The first step in solving a problem is to recognize that it does exist. Zig Ziglar

It is important for us to know what the weaknesses in computer systems in order to know how to secure them. To that end MITRE maintains lists of computer vulnerabilities and weaknesses in software systems. They recently updated the list of weaknesses the Common Weakness Enumeration.  It is a community-developed list that helps cybersecurity professionals identify weaknesses so they can be addressed. From the site:

“CWE™ is a community-developed list of common software security weaknesses. It serves as a common language, a measuring stick for software security tools, and as a baseline for weakness identification, mitigation, and prevention efforts.”

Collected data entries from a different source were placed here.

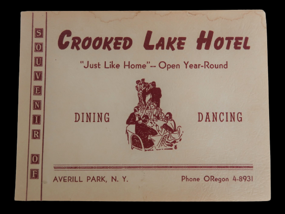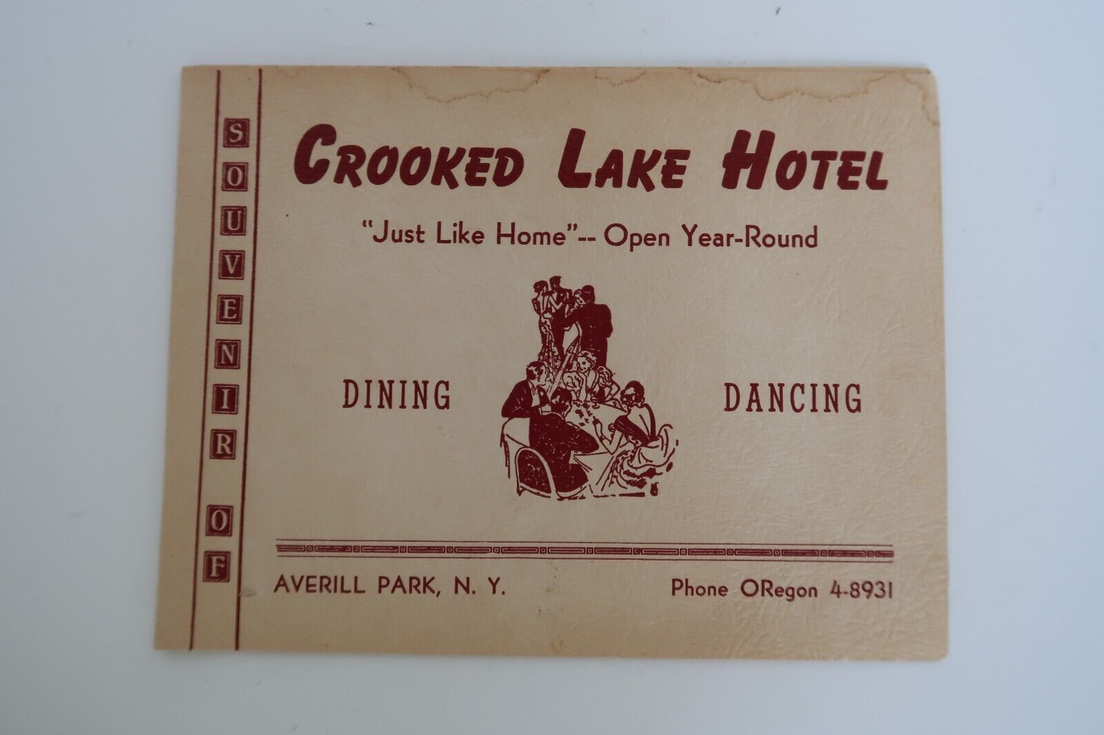 Nice vintage souvenir from Crooked Lake Hotel Dining and Dancing in Averill Park, NY. Some water stains on the outside envelope, please see the photos.
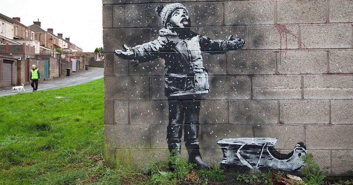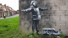 Анонимният художник Банкси се появи с нова изява - този път на стената на гараж в уелския индустриален град Порт Толбът.
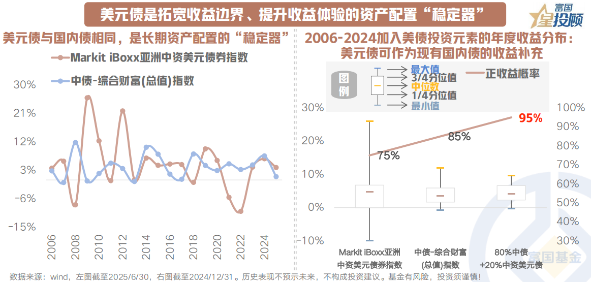 布局美元债,可作为现有国内债的收益补充。2006-2024年间,中债综合财富指数的年度收益率中位数为3.45%,正收益率概率为85%。若是加入一定的中资美元债配置,如“80%中债+20%中资美元债”的组合,其年度收益率中位数提升至4.17%,正收益概率更是提升至95%。

One major benefit of the list is the “common language” allowing practitioners to discuss the issues in a standard way.

The list of top 25 lists was recently updated. Updates to the list may reflect new weaknesses, new mitigations, or more information about weaknesses. Sadly, there has been little change in the top of the top 25 list. Improper Input Validation, SQL Injection, and Information Exposure are still on the list. These and many others from the top of the list are discussed in Learning Tree’s Introduction to Cybersecurity and Introduction to Cybersecurity – a Starter Guide.

The list not only describes the issues in detail but often includes programming examples illustrating the weaknesses as well as instructions on how to avoid those weaknesses in software design and coding.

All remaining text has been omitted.